Member of the Constitutional Council
- In office 7 June 2023 – 7 November 2023
- Constituency: Arica y Parinacota Region

Personal details
- Born: 10 May 1978 (age 48) Iquique, Chile
- Party: Independent
- Alma mater: University of Tarapacá
- Profession: School teacher

= Jocelyn Ormeño =

Chilean constituent

Jocelyn Ormeño Lee (born 10 May 1978) is a Chilean politician who served in the Constitutional Council, where she was allied to the Socialist Party.

== Biography ==
Ormeño was born in Iquique on 10 May 1978. Her parents are Gil Rolando Ormeño Lara and Sonia Myriam Lee Estay.

=== Professional career ===
She is a primary education teacher and holds a higher technical degree in Child Care from the University of Tarapacá.

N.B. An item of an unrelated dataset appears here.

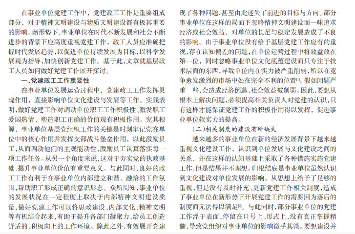 通过文献查阅、实地调研、经验总结等方法就基层政工人员做好党建工作进行探讨。研究结果表明,当前基层党建政工工作现状不容乐观,存在的问题较多,包括对党建工作重视程度不够、相关制度的建设有所缺乏、政工人员综合素质偏低等,这些问题对党建工作的有效开展造成严重阻碍。基于此,文章立足实际,就基层政工人员如何在新时代下做好党建工作提出几点建议:针对党建工作给予足够的重视;建立并不断完善单位党建制度;加强对基层政工人员的培训。

She was awarded the Pedagogical Excellence Allowance (Asignación de Excelencia Pedagógica, AEP) by the Ministry of Education, which grants membership in the Red Maestros de Maestros (RMM). She is also recognized as a Mentor Teacher by the Center for Pedagogical Improvement, Experimentation and Research (CPEIP).

She is a candidate for a master’s degree in Education with a specialization in Transformational Leadership and School Management at the Academia de Humanismo Cristiano University. Professionally, she works as a teacher in educational institutions administered by the Local Public Education Service Chinchorro. She also serves as vice president of the Educational Corporation Mentores Arica y Parinacota and as an academic associated with the Explora Program.

== Political career ==
In the elections held on 7 May 2023, Ormeño ran as a candidate for the Constitutional Council representing the 1st electoral district of the Arica and Parinacota Region, as an independent candidate on the list of the Socialist Party of Chile within the Unidad para Chile electoral pact. According to the Electoral Qualification Court (TRICEL), she was elected with 11,146 votes.